# "DIE AFTER EFFECTS SHOW" - Meine neue AE-Tutorialreihe auf Youtube



## sakuza (13. August 2013)

Hallo Leute,
ich wollte hier nur kurz meine neue Tutorialreihe "Die After Effects Show" auf Youtube vorstellen.
In der ersten Folge dreht sich rund ums Thema "Farbkorrektur", in der zweiten Folge erstelle ich einen Heilungseffekt!
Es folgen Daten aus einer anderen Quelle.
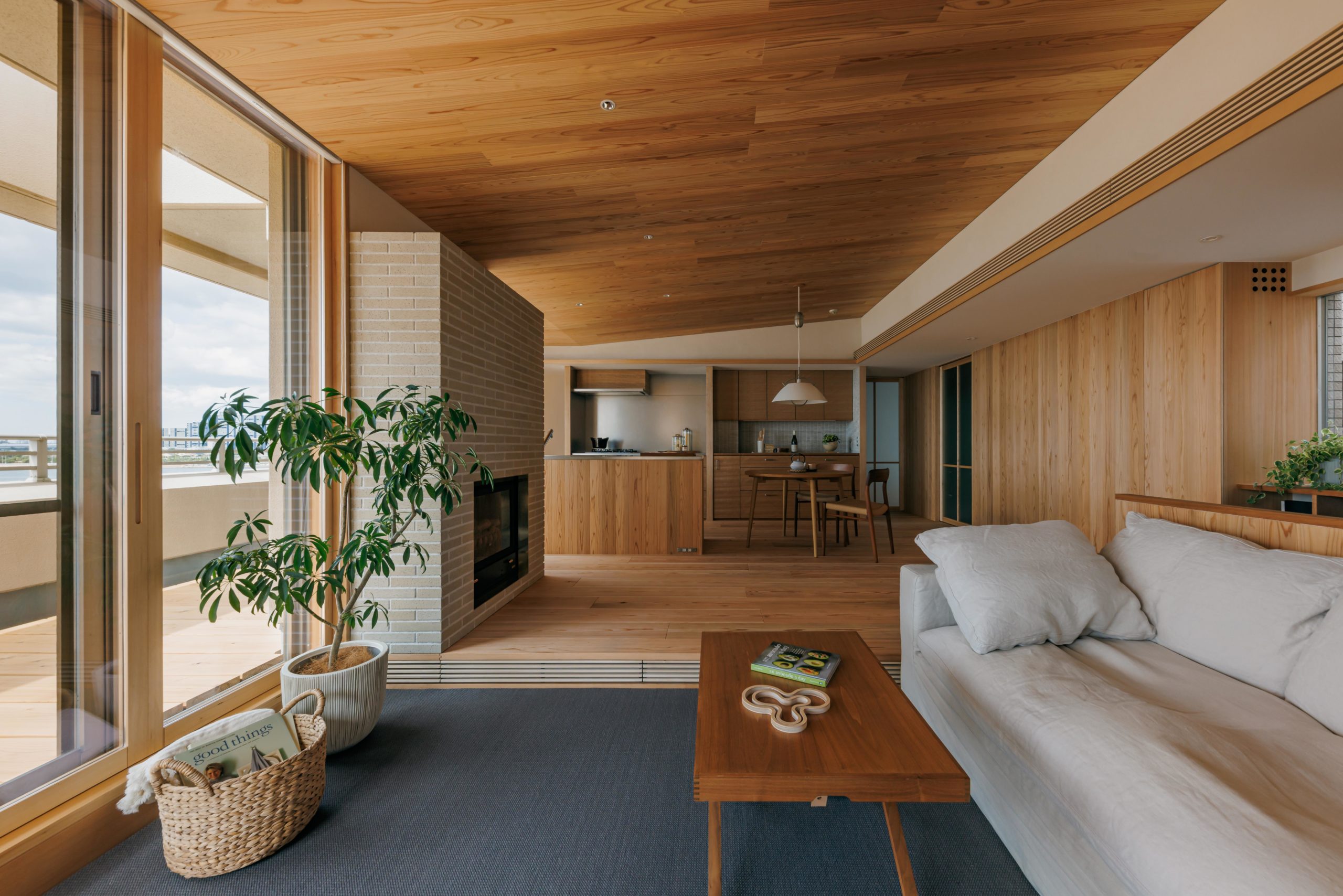 寝室廊下の先にキッチンとリビング。大きな窓際には街を一望できる眺望が癒しのスペースとなるヌックスペース。居室内には吉野杉の床板、壁板、天井や壁のアクセントに熊野桧 自然素材を惜しみなく使った家具や造作キッチン。木のマンションリノベーションで 暮らしの一部に季節の移り変わりも楽しむ事ができる空間に仕上がりました。

Ich würde mich freuen, wenn ihr mal vorbeischaut! Natürlich würde ich mich auch über eure Kommentare und ggfalls über Feedback!

Euer Sakuza!

Folge 1:
http://www.youtube.com/watch?v=c9BbZKgJ4yI

Folge 2:
http://www.youtube.com/watch?v=LfcikZR5xxw


----------



## Markus Kolletzky (19. August 2013)

Hey sakuza,

Danke für die ausführlichen und informativen Tutorials. Ich habe mal Teil 1 einen eigenen Artikel auf der Startseite gegönnt: http://www.tutorials.de/content/1634-die-after-effects-show-teil-1-farbkorrektur.html

Teil 2 folgt dann im Laufe der nächsten Tage.

Viele Grüße,
Markus


----------



## sakuza (20. August 2013)

Hi Markus,
vielen Dank für deinen Artikel! Freut mich sehr, daß sie dir so gut gefallen haben!
Ich arbeite schon fleißig an den nächsten Tutorials!

Schönen Gruß,
Michi


----------